Source data:

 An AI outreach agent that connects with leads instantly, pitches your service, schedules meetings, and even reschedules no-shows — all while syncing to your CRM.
--
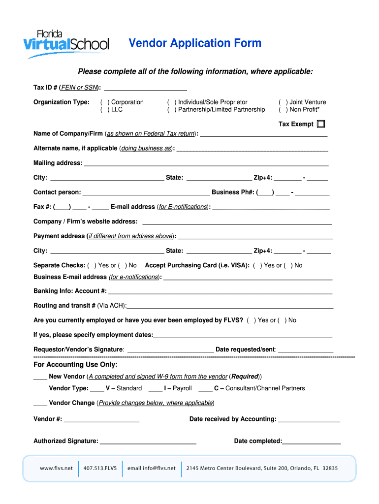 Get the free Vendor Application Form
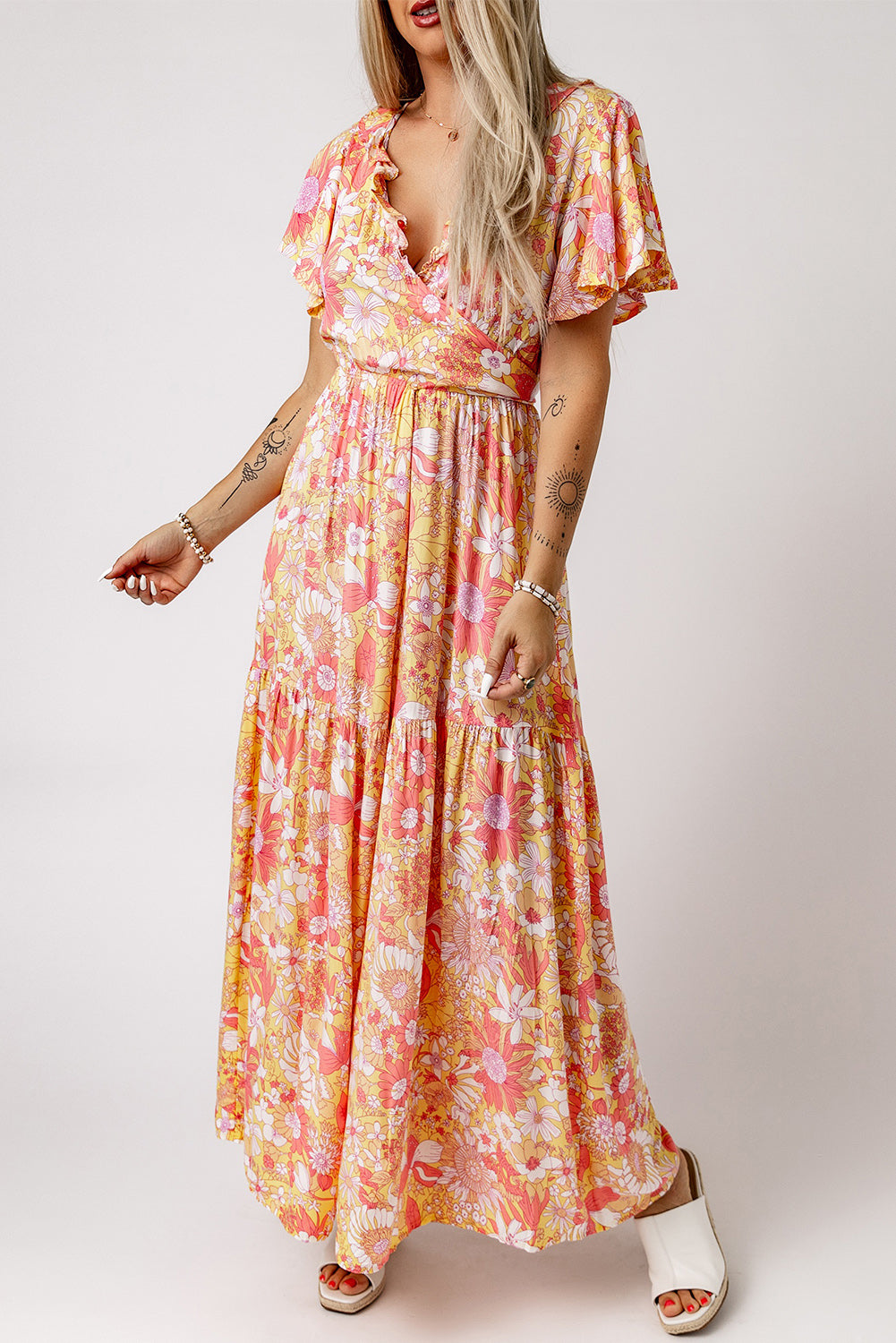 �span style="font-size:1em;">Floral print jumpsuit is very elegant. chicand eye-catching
--
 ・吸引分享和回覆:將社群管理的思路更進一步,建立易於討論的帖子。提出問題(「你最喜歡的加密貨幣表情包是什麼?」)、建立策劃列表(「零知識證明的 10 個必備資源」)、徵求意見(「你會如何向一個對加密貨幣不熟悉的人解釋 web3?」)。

Task prompt:
Above are the records; copy from them only the lines starting at the one containing "Get the free Vendor Application Form" and ending at the one containing "elegant. chicand eye-catching", exactly and without pictures.

Written response:
 Get the free Vendor Application Form
 �span style="font-size:1em;">Floral print jumpsuit is very elegant. chicand eye-catching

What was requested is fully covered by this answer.